Talking about the hold and grip, the G4 feels light in weight and easily nestles in the palm. The rounded corners further add to the comfortable hold.
Motorola this time has packed the Moto G phone with a 1080p display - up from the 720p display on the last-gen Moto G. The display measuring 5.5 inches produces excellent colours and offers good readability even under sunlight.
While the display on the Moto G4 is same as the one on the G4 Plus, the camera isn’t. In comparison to the 16 megapixel rear camera on the G4 Plus, the G4 has a rear camera with a slightly lower megapixel count. Having said that, the photo quality generated by both the cameras remain more or less the same.
The 13 megapixel rear camera on the G4 not only takes bright photos, but also captures great details. Even in low-light areas, the results are pretty decent and are at par with other phones in the same price segment. The 5 megapixel front camera on the G4 also fares well in both bright-light and low-light areas.
The back panel of the Moto G4. (Image: News18.com)
Besides the megapixel count, another thing that makes the Moto G4’s rear camera different from the G4 Plus' is autofocus camera tech. The absence of these features in the G4 somewhere affect the camera performance, and we will talk about it later in this review.
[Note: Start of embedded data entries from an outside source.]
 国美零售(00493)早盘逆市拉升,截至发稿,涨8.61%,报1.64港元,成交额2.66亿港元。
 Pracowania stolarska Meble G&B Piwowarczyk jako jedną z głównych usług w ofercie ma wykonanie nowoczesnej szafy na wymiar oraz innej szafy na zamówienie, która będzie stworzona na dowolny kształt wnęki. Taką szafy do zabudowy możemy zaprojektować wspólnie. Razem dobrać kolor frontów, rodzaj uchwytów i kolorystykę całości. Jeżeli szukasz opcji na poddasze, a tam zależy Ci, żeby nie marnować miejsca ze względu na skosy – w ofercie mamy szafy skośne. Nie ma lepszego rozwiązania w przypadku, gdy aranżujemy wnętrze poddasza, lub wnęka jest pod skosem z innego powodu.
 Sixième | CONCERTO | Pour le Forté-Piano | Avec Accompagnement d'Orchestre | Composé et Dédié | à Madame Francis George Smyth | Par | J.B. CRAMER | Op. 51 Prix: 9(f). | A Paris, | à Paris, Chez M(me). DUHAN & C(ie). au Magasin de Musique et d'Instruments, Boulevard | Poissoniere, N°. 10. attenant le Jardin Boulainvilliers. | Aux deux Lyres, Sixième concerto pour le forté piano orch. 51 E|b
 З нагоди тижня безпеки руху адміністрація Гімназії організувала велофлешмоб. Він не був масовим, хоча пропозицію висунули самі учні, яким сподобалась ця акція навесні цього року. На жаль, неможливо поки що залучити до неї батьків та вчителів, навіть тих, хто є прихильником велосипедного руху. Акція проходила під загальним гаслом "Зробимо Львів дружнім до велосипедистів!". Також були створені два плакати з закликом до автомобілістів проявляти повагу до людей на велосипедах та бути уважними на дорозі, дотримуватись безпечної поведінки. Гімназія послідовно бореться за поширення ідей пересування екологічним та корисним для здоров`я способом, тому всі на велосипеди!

Another interesting thing in this dual-SIM phone is that it doesn’t offer a hybrid SIM slot. This means it can accommodate three cards - two SIM cards and a microSD card (up to 128 GB) - at a time. Many of Moto’s arch-rivals these days offer a hybrid SIM slot in their dual-SIM devices, which means in the second slot on the tray, you can either use a SIM card or a microSD card.
Talking about the performance, the Moto G4 offers close to native Android performance. Engineered with a Snapdragon 617 octa-core processor paired with 2 GB of RAM, the phone went along with us quite well. It neither slowed down nor encountered any app freezes.
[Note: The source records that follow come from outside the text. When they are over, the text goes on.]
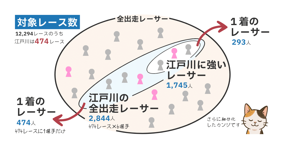 この期間に、江戸川で出走した2,844人のうち、全国勝率より当地勝率の方が高い「江戸川に強い」レーサーが1,745人でした。これが「調べた数」にあたります。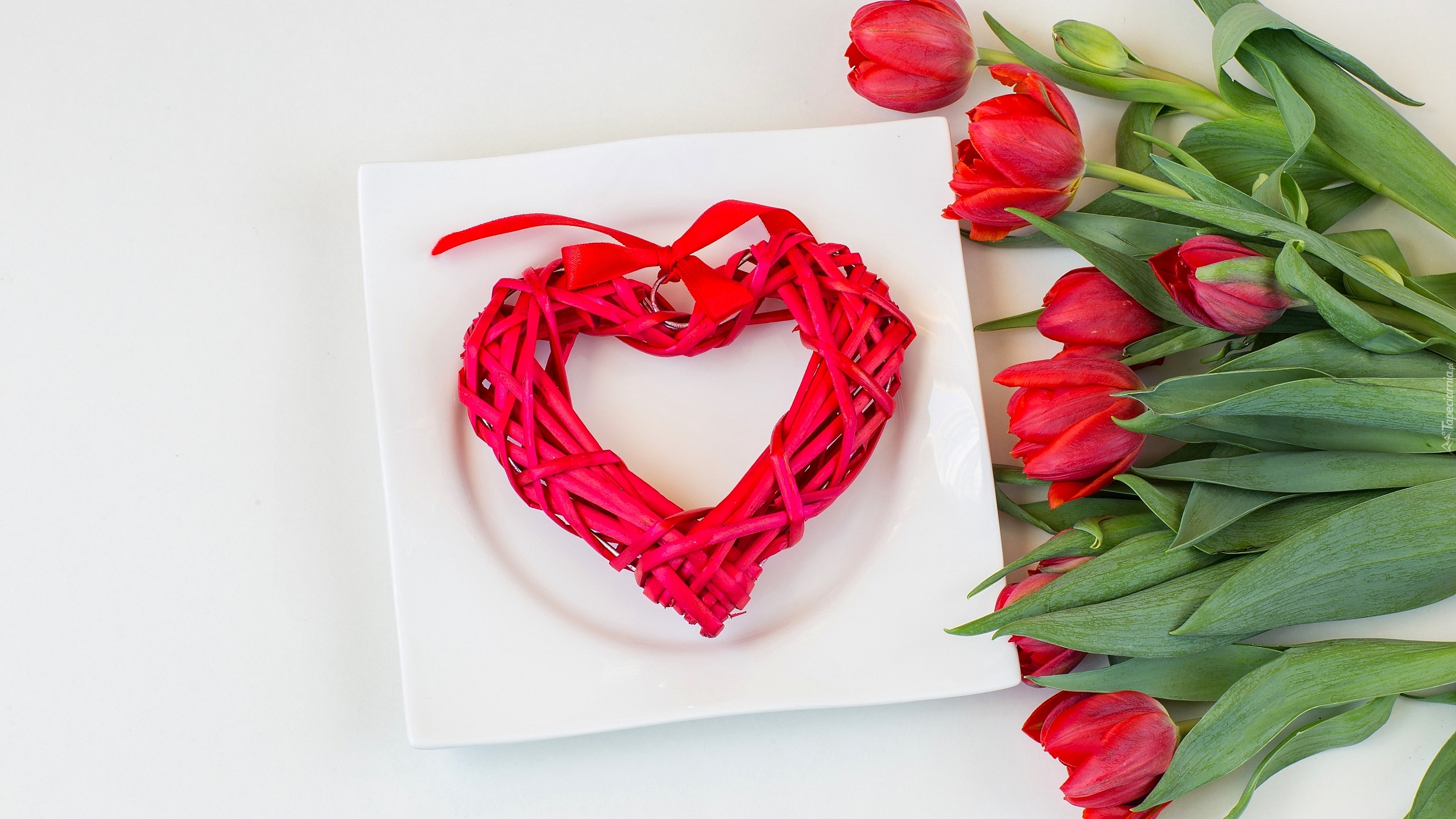 Edytor tapety: Wiklinowe serce na talerzu obok bukietu tulipanów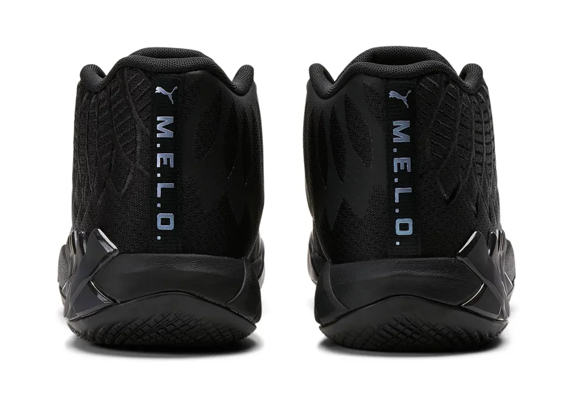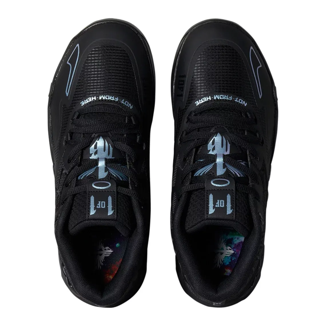 La tige entièrement noire, tout comme la semelle, est contrastée par touches iridescentes lumineuses sur les finitions, comme le logo « 1-of-1 » de la languette, le « M.E.L.O » au niveau du talon, ou l'inscription « Not from here » à la base des lacets.

The phone easily lasted for a day on a single charge and the fast charging technology in the phone was another saviour. The speaker on the phone also makes to its the list of pros. It is not only loud, but also generates quality audio results.
What's not so cool?
The G4’s camera doesn’t have laser auto focus and Phase Detection Auto Focus (PDAF) technologies and therefore, it takes a little longer to focus and locks nearby object when compared to the speed of the G4 Plus’s camera. Given that the G4 Plus costs only Rs 1,000 more than the G4, the choice between the two isn’t difficult.
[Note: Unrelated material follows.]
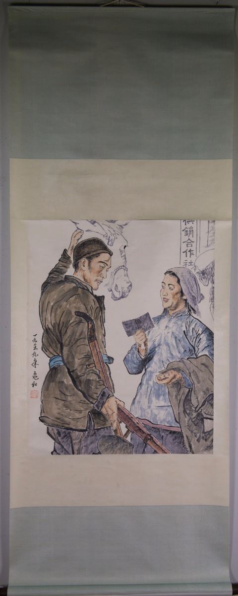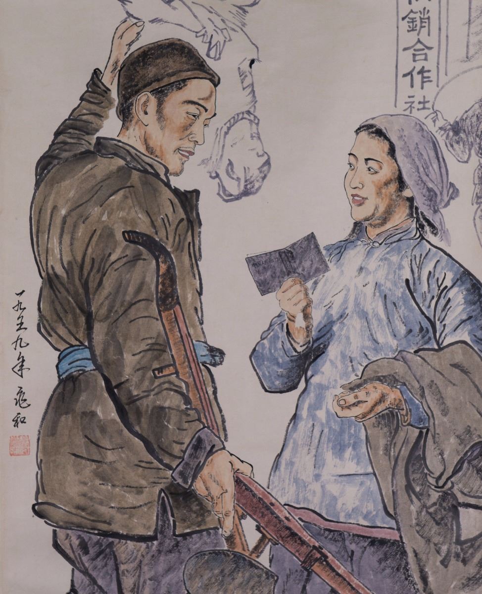 Men and women; Chinese ink and watercolour on paper; hanging scroll; signed Jiang Zhao He (1904-1986) and inscribed with one artist seal, dated 1959; 67 cm x 53 cm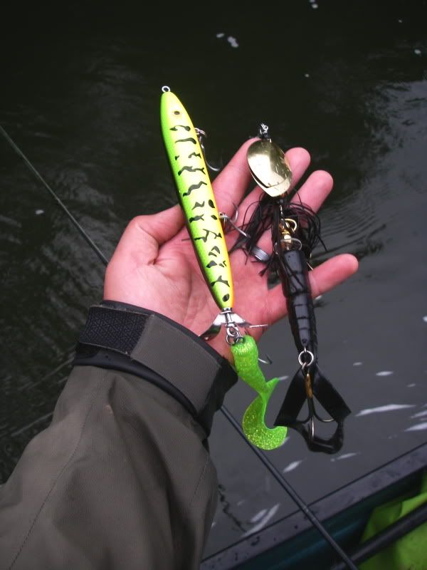 Had a fish swipe and miss this black Slowie Sam spinner, then later, when I eased back up, the same fish annihilated this propbait on the surface. I lost him after 2 headshakes.

The Moto G4 sports a 13 megapixel rear camera. (Image: News18.com)
Unlike the Moto G4 Plus that comes in two variants - 16 GB (with 2 GB RAM at Rs 13,499) and 32 GB (with 3 GB RAM at Rs 14,999), the G4 comes in a single variant - 16 GB that costs Rs 12,499. The 16 GB model (with expandable storage) would suffice a user, but the G4 Plus offers a better deal. Compared to the G4, the Moto G4 Plus, at Rs 2,500 extra, offers double the amount of storage, better camera and RAM, and fingerprint functionality.
The Moto G4 competes with the likes of the Xiaomi Redmi Note 3, Zuk Z1, and the LeEco Le 2. Given that the G4 misses out on some key features, it may lose the battle to its contemporaries. But it’s the G4 Plus that can give the competition a tough fight. Two key things that give the Moto G4 (or the G4 Plus) an edge over its rivals are the close-to-stock-Android experience and the Moto brand reliability.
While the G4 is a decent value-for-money offering, we still suggest you to go for the G4 Plus as it offers a better deal - at only Rs 1,000 extra (for the 16 GB model). However, if you can shell out a little more, we further advise you to opt for the 32 GB Moto G4 Plus.